Property-Aware Multi-Speaker Data Simulation: A Probabilistic Modelling Technique for Synthetic Data Generation
We introduce a sophisticated multi-speaker speech data simulator, specifically engineered to generate multi-speaker speech recordings. A notable feature of this simulator is its capacity to modulate the distribution of silence and overlap via the adjustment of statistical parameters. This capability offers a tailored training environment for developing neural models suited for speaker diarization and voice activity detection. The acquisition of substantial datasets for speaker diarization often presents a significant challenge, particularly in multi-speaker scenarios. Furthermore, the precise time stamp annotation of speech data is a critical factor for training both speaker diarization and voice activity detection.

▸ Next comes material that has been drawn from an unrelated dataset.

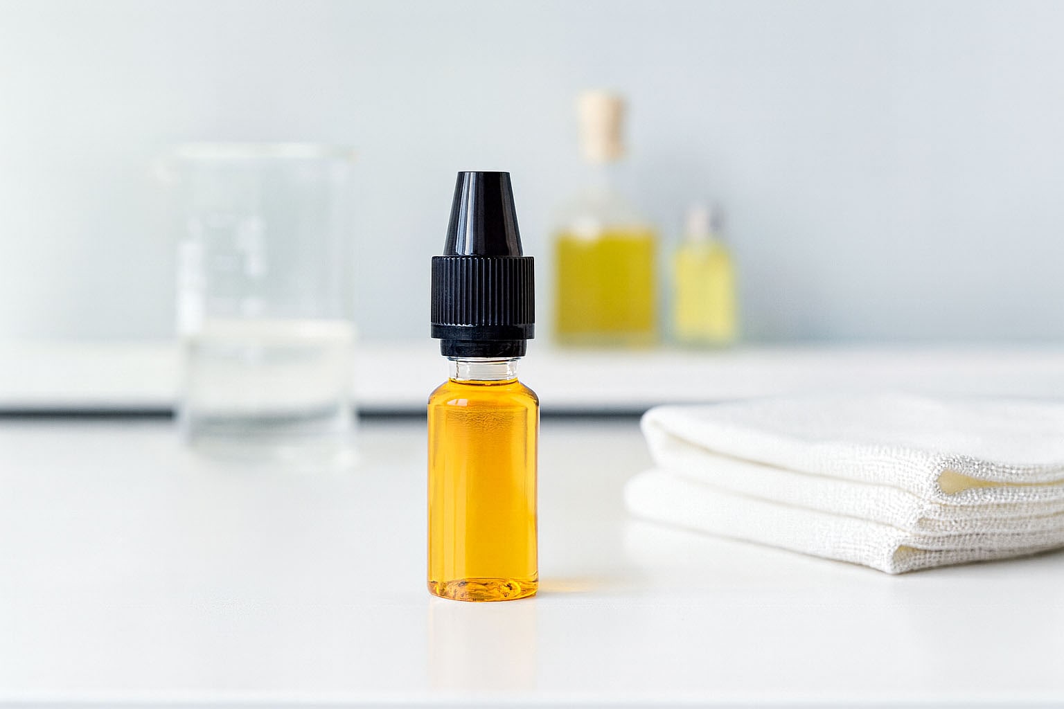 Die transparenten 10-ml-PET-Flaschen "E-Liquid" bieten eine sichere und praktische Lösung für die Aufbewahrung und Dosierung von Flüssigkeiten. Sie sind ideal für E-Liquids, flüssige Medizin- und Kosmetikprodukte und überzeugen durch ihre hohe Funktionalität. In Kombination mit einer abnehmbaren Tropfspitze ermöglichen sie eine präzise Dosierung, während der Deckel mit Qualitäts- und Kindersicherung zusätzlichen Schutz bietet. Beim ersten Verschliessen rastet die Sicherung ein. Wird der Deckel anschliessend geöffnet, löst sich der Sicherungsring als sichtbares Zeichen für die Erstöffnung. Leicht, stabil und anwenderfreundlich ist die PET-Flasche "E-Liquid" die ideale Wahl für eine sichere und zuverlässige Verpackung.

Our proposed multi-speaker simulator tackles these problems by generating large-scale audio mixtures that maintain statistical properties closely aligned with the input parameters. We demonstrate that the proposed multi-speaker simulator generates audio mixtures with statistical properties that closely align with the input parameters derived from real-world statistics. Additionally, we present the effectiveness of speaker diarization and voice activity detection models, which have been trained exclusively on the generated simulated datasets.